Coverage for nltk.metrics.segmentation : 92%

# Natural Language Toolkit: Text Segmentation Metrics 

# 

# Copyright (C) 2001-2012 NLTK Project 

# Author: Edward Loper <edloper@gradient.cis.upenn.edu> 

#         Steven Bird <sb@csse.unimelb.edu.au> 

#         David Doukhan <david.doukhan@gmail.com> 

# URL: <http://www.nltk.org/> 

# For license information, see LICENSE.TXT 

""" 

Text Segmentation Metrics 

1. Windowdiff 

Pevzner, L., and Hearst, M., A Critique and Improvement of 

  an Evaluation Metric for Text Segmentation, 

Computational Linguistics 28, 19-36 

2. Generalized Hamming Distance 

Bookstein A., Kulyukin V.A., Raita T. 

Generalized Hamming Distance 

Information Retrieval 5, 2002, pp 353-375 

Baseline implementation in C++ 

http://digital.cs.usu.edu/~vkulyukin/vkweb/software/ghd/ghd.html 

Study describing benefits of Generalized Hamming Distance Versus 

WindowDiff for evaluating text segmentation tasks 

Begsten, Y.  Quel indice pour mesurer l'efficacite en segmentation de textes ? 

TALN 2009 

3. Pk text segmentation metric 

Beeferman D., Berger A., Lafferty J. (1999) 

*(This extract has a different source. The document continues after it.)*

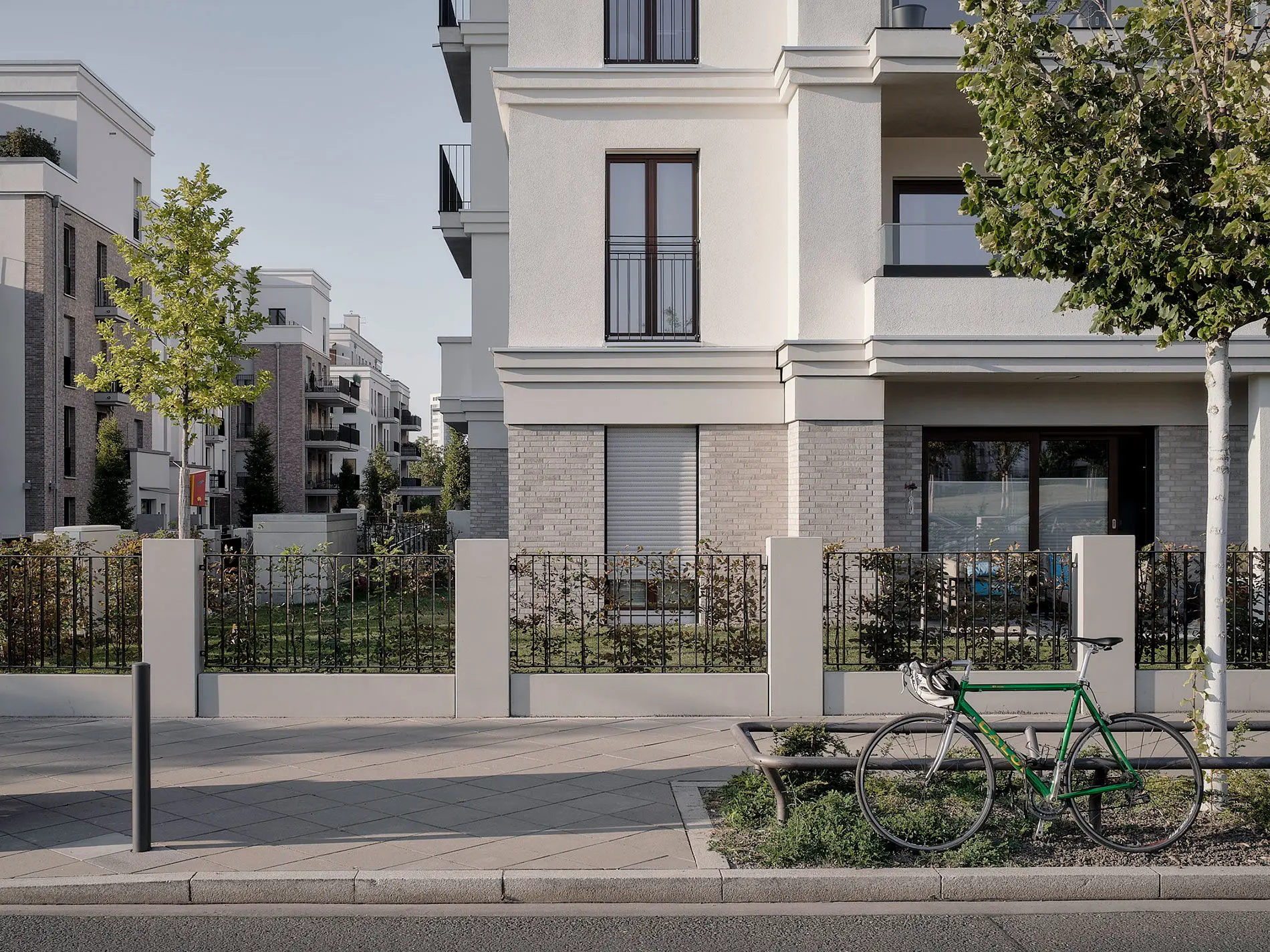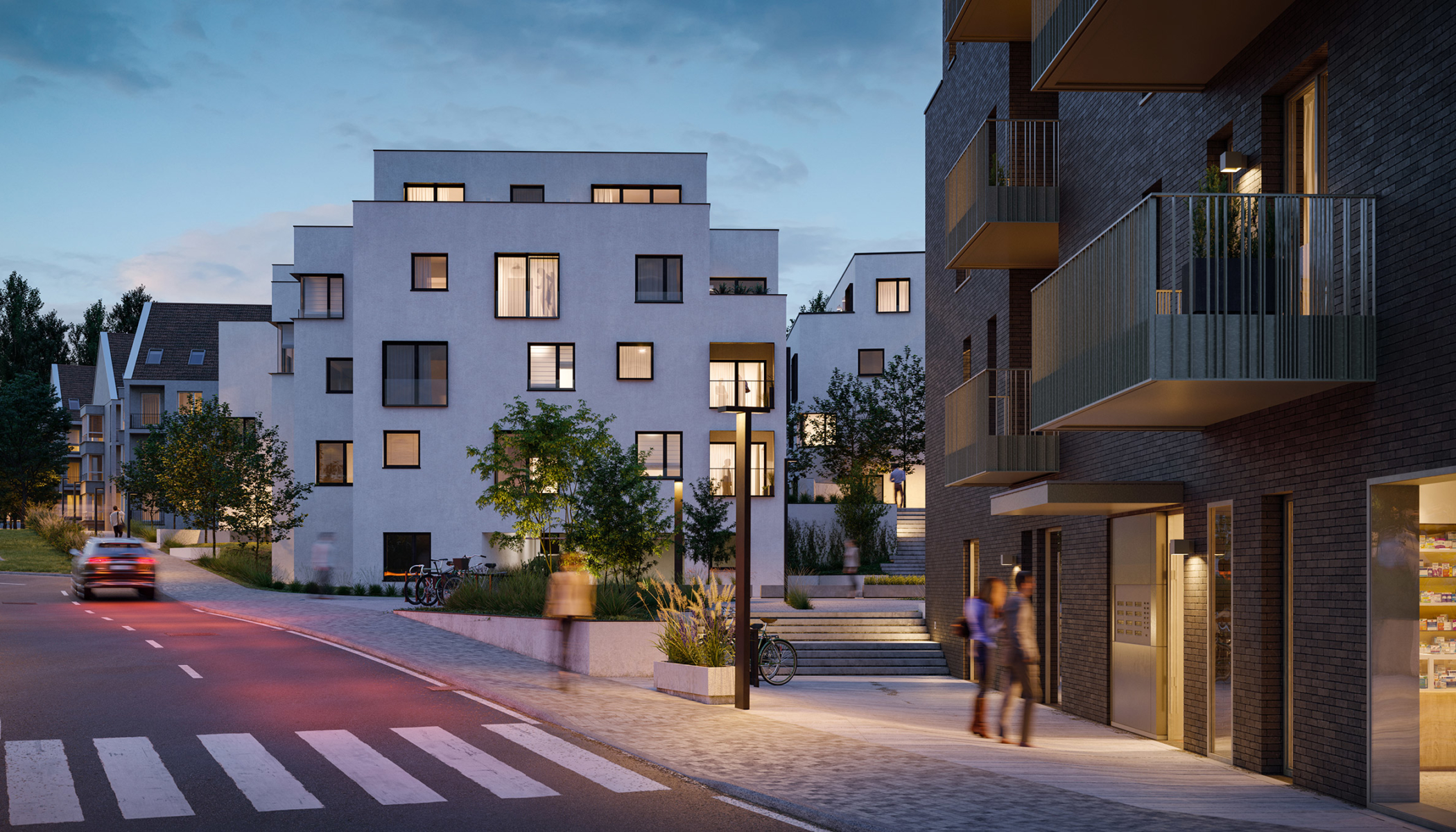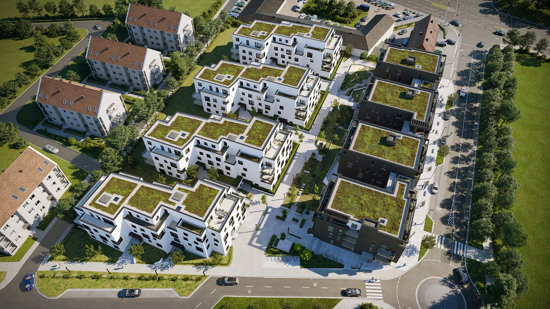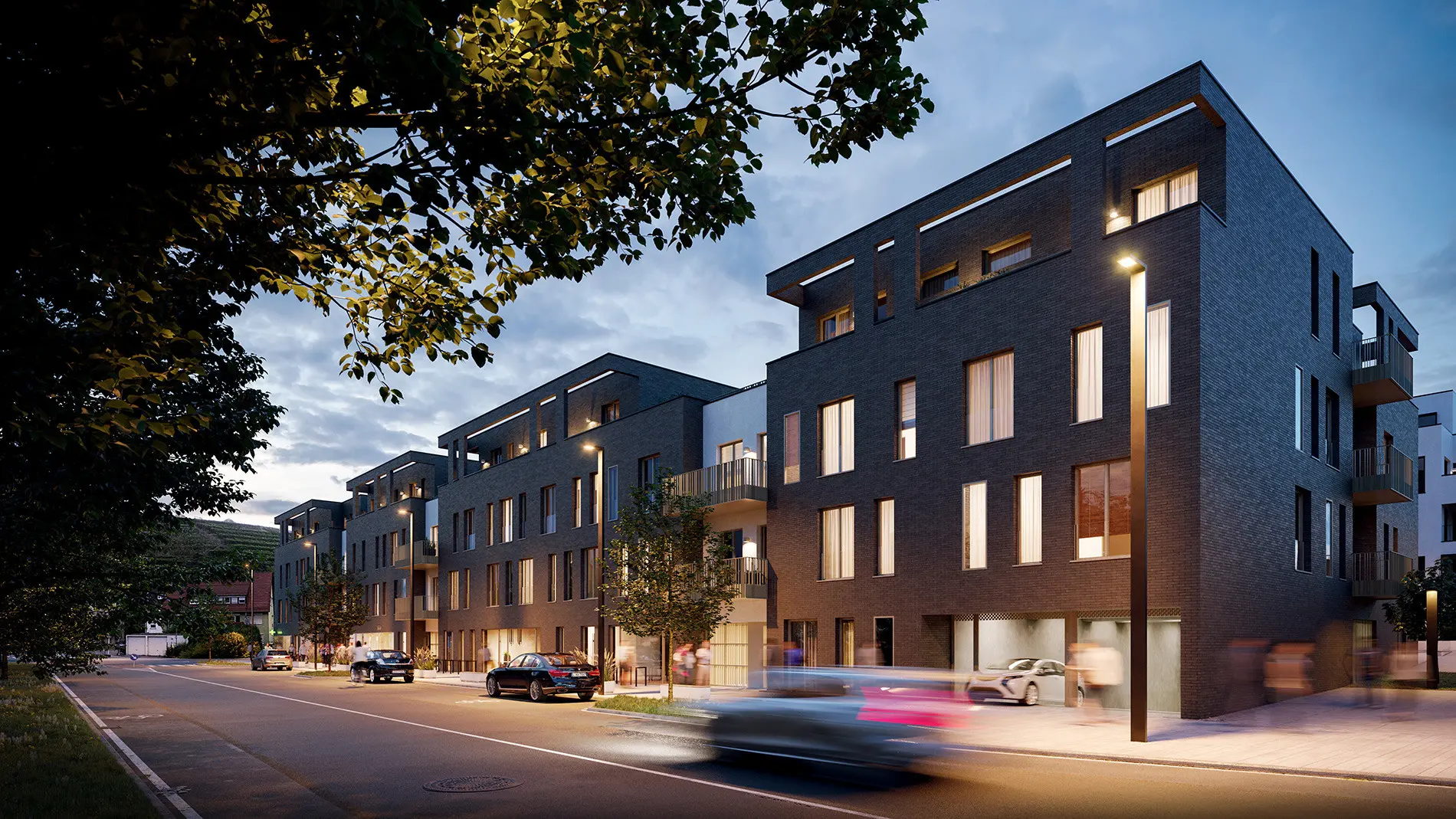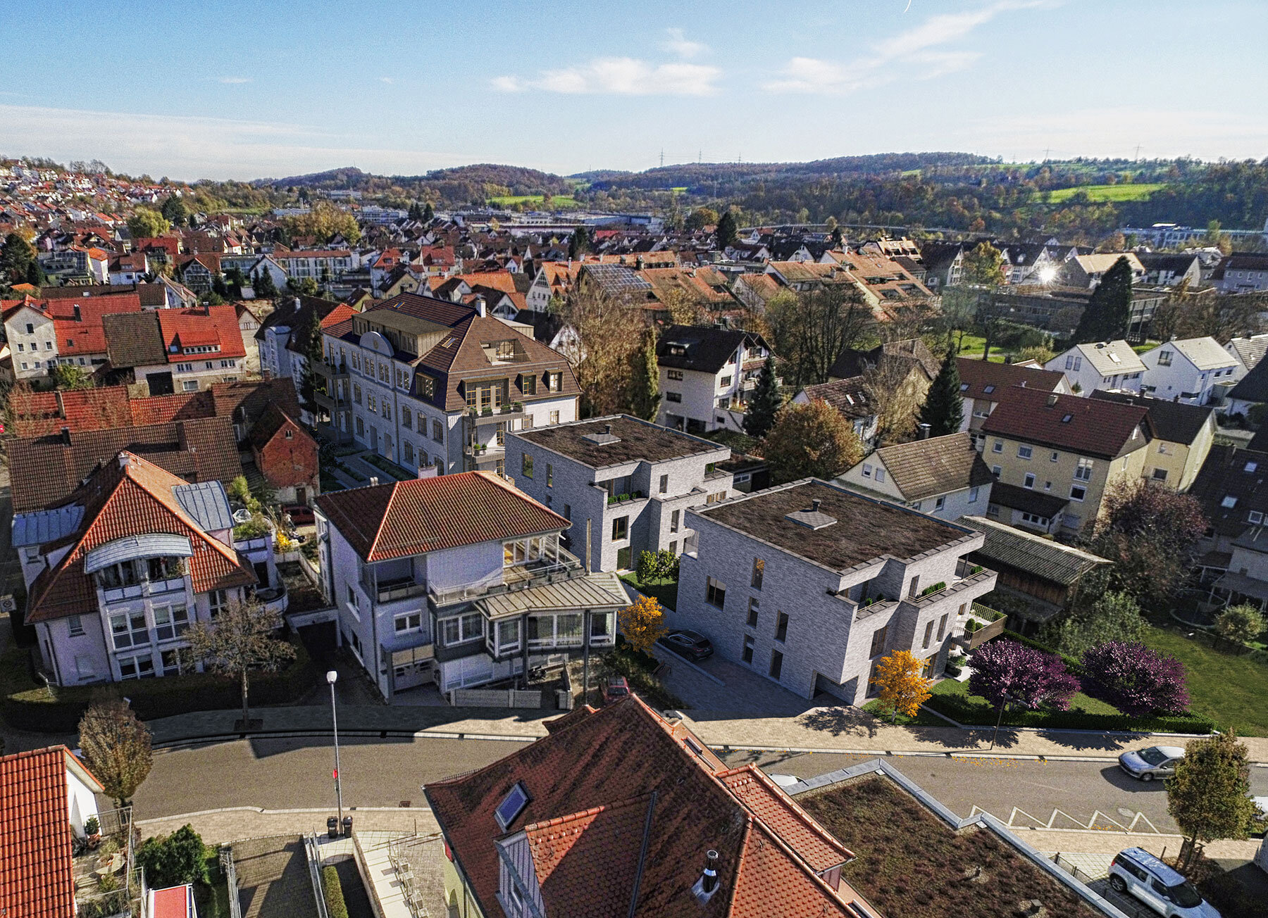 Die geschlossene Randbebauung entlang der Hofener Straße weist ein viergeschossiges Gebäude mit einer Mischnutzung von Gewerbe und Wohnen vor. In der rückliegenden Bebauung befinden sich vier Baukörper, die ebenfalls vier Geschosse und abweichend jedoch eine reine Wohnnutzung anbieten. Die Zugänge dieser Wohngebäude befinden sich an der Spielstraße, die in Quartiersmitte als Treffpunkt für Jung und Alt das pulsierende Herz unserer Anlage darstellt und eine attraktive Sicht auf die direkt angrenzenden Weinberghänge bietet.

Statistical Models for Text Segmentation 

Machine Learning, 34, 177-210 

""" 

import numpy as np 

from nltk.compat import xrange 

def windowdiff(seg1, seg2, k, boundary="1"): 

    """ 

    Compute the windowdiff score for a pair of segmentations.  A 

    segmentation is any sequence over a vocabulary of two items 

    (e.g. "0", "1"), where the specified boundary value is used to 

    mark the edge of a segmentation. 

    >>> s1 = "00000010000000001000000" 

    >>> s2 = "00000001000000010000000" 

    >>> s3 = "00010000000000000001000" 

    >>> windowdiff(s1, s1, 3) 

    0 

    >>> windowdiff(s1, s2, 3) 

    4 

    >>> windowdiff(s2, s3, 3) 

    16 

    :param seg1: a segmentation 

    :type seg1: str or list 

    :param seg2: a segmentation 

    :type seg2: str or list 

    :param k: window width 

    :type k: int 

    :param boundary: boundary value 

    :type boundary: str or int or bool 

    :rtype: int 

    """ 

    if len(seg1) != len(seg2): 

        raise ValueError("Segmentations have unequal length") 

    wd = 0 

    for i in range(len(seg1) - k): 

        wd += abs(seg1[i:i+k+1].count(boundary) - seg2[i:i+k+1].count(boundary)) 

    return wd 

# Generalized Hamming Distance 

def _init_mat(nrows, ncols, ins_cost, del_cost): 

    mat = np.empty((nrows, ncols)) 

    mat[0, :] = ins_cost * np.arange(ncols) 

    mat[:, 0] = del_cost * np.arange(nrows) 

    return mat 

def _ghd_aux(mat, rowv, colv, ins_cost, del_cost, shift_cost_coeff): 

    for i, rowi in enumerate(rowv): 

        for j, colj in enumerate(colv): 

            shift_cost = shift_cost_coeff * abs(rowi - colj) + mat[i, j] 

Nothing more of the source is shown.